T-SQL Tuesday #66 – Monitoring
When I started as a DBA, I equated monitoring with alerting. I put everything that I might ever need to know in an alert and, as you can imagine, I received far too many alerts. I've always thought that too many alerts are just as bad as no alerts: It's too much to take in and they start getting ignored.
Over time, though, I looked at monitoring in a broader fashion. Looking at Dictionary.com, one of the definitions of monitor is "to watch closely for purposes of control, surveillance, etc.; keep track of; check continually." So monitoring, in addition to alerting, is to keep track of what is happening in your environment. Effective monitoring can actually reduce the number of alerts because you're able to take steps to maintain your system before it's in trouble.
Go through your environment and see what you really need to have instant alerts on, and what you can group into reports. At a previous job, there were scheduled jobs that would fail, but none so serious that it would impact the business. I created a report that e-mailed a list of all of the failed jobs from the previous day. A single e-mail listing the 25 failed jobs was definitely easier to manage than 25 unique alert e-mails. Over time, we decided that a few of the jobs were critical, and I created individual alerts for just those processes. In addition, each Friday, I received disk space and file space reports. I could go through and allocate space for anything that was running low, or give our SAN admins a heads up that disk space was filling up.

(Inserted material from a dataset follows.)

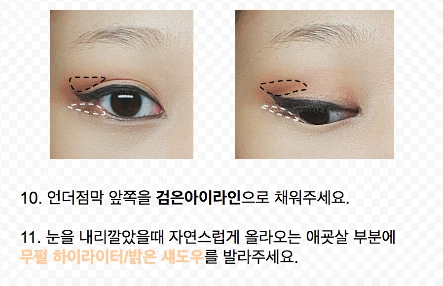 섀도우의 색감보다는 음영과 아이라인에 많이 의존하는 메이크업인데, 잘 따라오셨나요?

I wouldn't be doing my job if I didn't mention that SQL Sentry has just announced a Power BI Content pack that does most of the reporting that I mentioned above for you (you can see some other details here). One of the graphs available allows you to see disk space usage – much easier to see than the plain text report that I e-mailed myself years ago:
We also have very robust and flexible alerting in our core product suite – you can dictate which elements in your system are crucial and deserve immediate attention, and even customize the conditions that cause alerts (and who gets them) right down to the table or index level (for a lot more detail, see this post). Determining those events that truly need an alert, and differentiating them from the information that could be handled through regular on-demand reporting, can definitely define the line between an out-of-control inbox / stressed-out DBA and an environment that is calm and under control.